With more managers working remotely and businesses confined to various levels of lockdown across the country, executives’ stress levels are likely to remain high.

So what are key causes of stress for executives, and how can HR teams help to improve their wellbeing?

 

Key stressor #1: Pressure to deliver

Executive stress derived from expectations around deliverables or targets is particularly prevalent in Europe’s health care sector (64%), industrial services (63%) and manufacturing (59%) industry.

Leadership coaching can be an effective tool to help managers thrive, especially at a time when many are navigating uncertainty, or suddenly forced to take on increased responsibility due to redundancies occuring in the organisation.

AbbVie – one of 2021's UK’s Best Workplaces™ for Women – offers a ‘Coach to Lead’ programme for all managers and leaders of the business. Each leader receives phone coaching with an individually matched coach, working on any topic that the employee decides and is tied to the AbbVie Ways of Working. Having experienced great coaching, the programme aims to further develop the coaching skills of those leaders to use with their own teams.

The company also has a proactive ‘Aspiring Leader Development Centre’ for individuals who are 0-2 years from becoming a manager. These employees can take a number of modules spaced out over several weeks, aimed at building capabilities such as emotional intelligence, coaching for performance and managing workload.

Individuals receive developmental feedback and a customised development plan to continue building their leadership skills. Leader onboarding and transition support are also provided through a toolkit, as well as a guide of proposed activities for the first 90 days.

 

Key stressor #2: Longer hours

Working significantly longer hours is a common constant practice at executive level.

When reviewing the 13 countries in our survey, their performance in Eurostat’s annual study of working hours in Europe suggests that traditional working hours are fairly consistent across borders.

For the last two years in Europe, the average continues to be 40.4 weekly working hours. Turkey leads with the highest total (48.5 hours per week) while Denmark, on the other end of the spectrum, sits at only 37.8 weekly hours.

Longer hours are more common in larger organisations than in SMEs.
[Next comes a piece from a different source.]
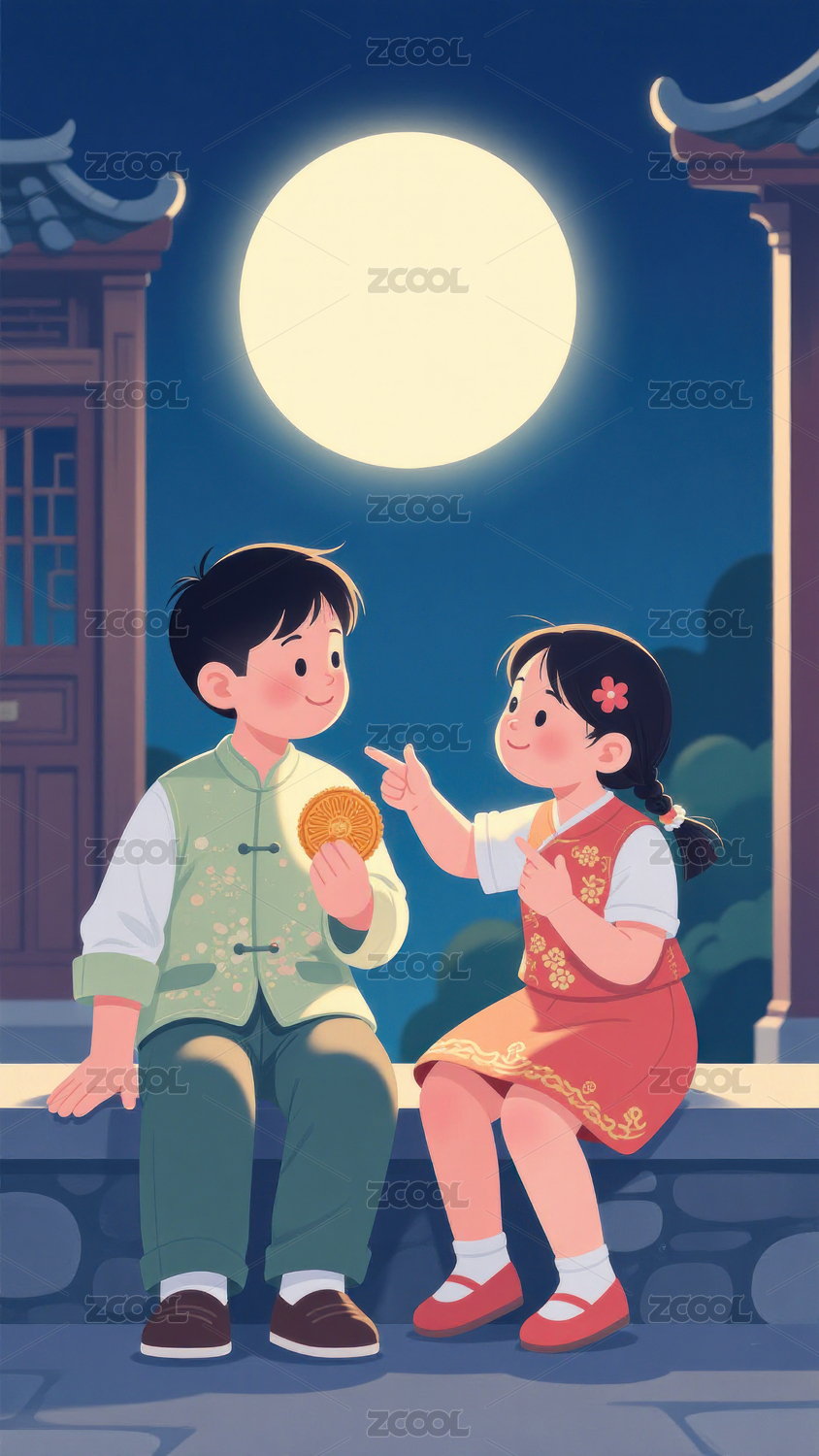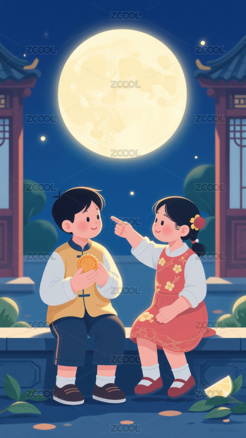 月光下的童年剪影中秋节孩童赏月

However, UK’s Best Workplaces™ are proving that this doesn’t have to be the case, even when they faced with 1000+ employees.

In 2019, Hilton’s Emergency Cover Support model supported employees when they needed to take unplanned time off work due to, for example, sickness of a child. Managers with children under 5 sign up to the model and if they require short-term unexpected leave from work, their colleagues within the Support Network are called upon to support their hotels in their absence.
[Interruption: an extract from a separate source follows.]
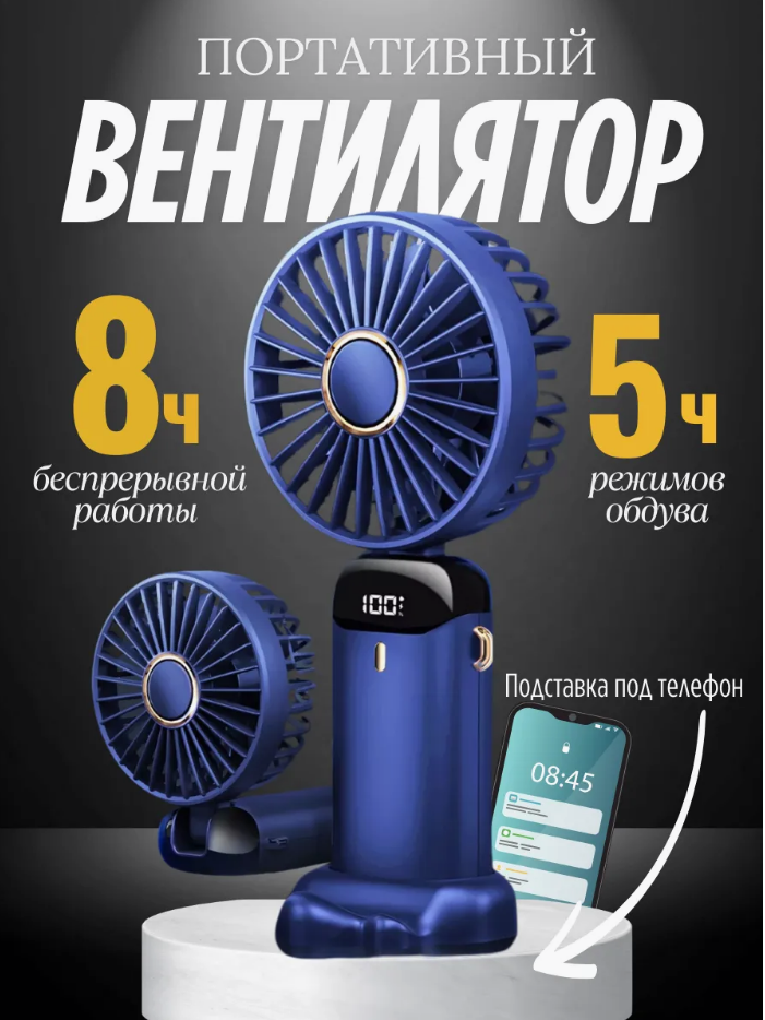 Портативный вентилятор OEM, USB, влагозащитный, 5 режимов, синий интересное:

Increased flexibility in working hours – particularly for working parents or employees who have the added challenge of caring responsibilities – can also help decrease chronic stress.
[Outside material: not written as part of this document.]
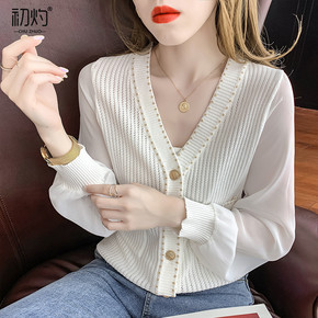 针织开衫毛衣女春装2022年新款宽松气质V领网纱拼...

By giving managers autonomy in developing a schedule that meets their work-life balance needs, organisations promote that good work is determined by the quality of one’s outputs, not by how many hours people work.

 

How surveys can help

The first step to a better wellbeing strategy is to recognise, understand and measure the factors that directly impact everyday wellbeing of all employees – including executives.

Postponing surveys erodes trust and risks the organisation investing in programmes that won’t enable everyone to flourish on a personal level.

The good news is that senior leaders themselves have the ability to help boost your wellbeing strategy by explicitly making wellbeing a strategic priority and allocating appropriate investment towards it.

With the right employee survey platform, your HR leaders can create customised pulse surveys or polls to get feedback in real-time from their SMT.

And the cherry on top: the survey itself takes just a few minutes for leaders to complete.

Whatever the style or format of your surveys, the key isn’t to aim for eliminating stress entirely (after all, some levels of eustress can be beneficial). This is about enhancing the wellbeing and resilience of your leaders.

By providing them with effective stress management techniques, you'll allow senior leaders to be efficient, healthy and thrive – even when under immense pressure.